▶ **Source data**:
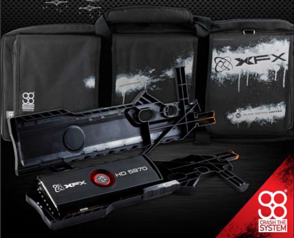 We finally managed to score more pictures of the upcoming XFX HD 5970 Black Edition Limited 4GB card that XFX has been talking about for quite some time. The card will be shipped in a small rifle-shaped case with three magazine pockets that will hold the rest of the accessories and this one doesn't lack anything.
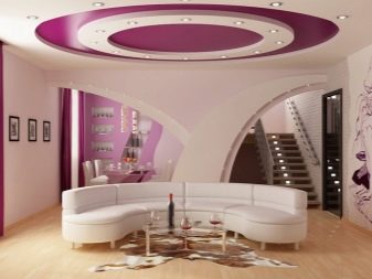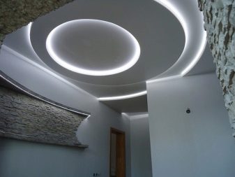 Най -интересното решение е техниката на зониране, което ви позволява да подчертаете отделни участъци от тавана, създадени от различни конструкции, изработени от гипсокартон.
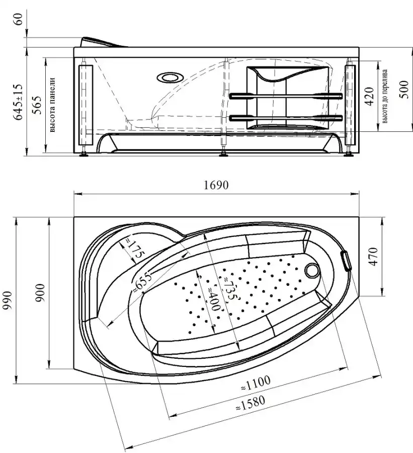 Внутренняя поверхность чаши модели "София" оснащена мягкими формами и плавными изгибами. Наклонная спинка в сочетании с выступами для рук и выступающим изголовьем позволяет принять наиболее комфортную позу. Рельефное дно ванны с технологией Radomir® Non-Slip противостои скольжению, обеспечивая безопасность.

▶ **Work to be completed**:
An exact copy of the material is required, minus the pictures.

▶ **Expected output**:
 We finally managed to score more pictures of the upcoming XFX HD 5970 Black Edition Limited 4GB card that XFX has been talking about for quite some time. The card will be shipped in a small rifle-shaped case with three magazine pockets that will hold the rest of the accessories and this one doesn't lack anything.
 Най -интересното решение е техниката на зониране, което ви позволява да подчертаете отделни участъци от тавана, създадени от различни конструкции, изработени от гипсокартон.
 Внутренняя поверхность чаши модели "София" оснащена мягкими формами и плавными изгибами. Наклонная спинка в сочетании с выступами для рук и выступающим изголовьем позволяет принять наиболее комфортную позу. Рельефное дно ванны с технологией Radomir® Non-Slip противостои скольжению, обеспечивая безопасность.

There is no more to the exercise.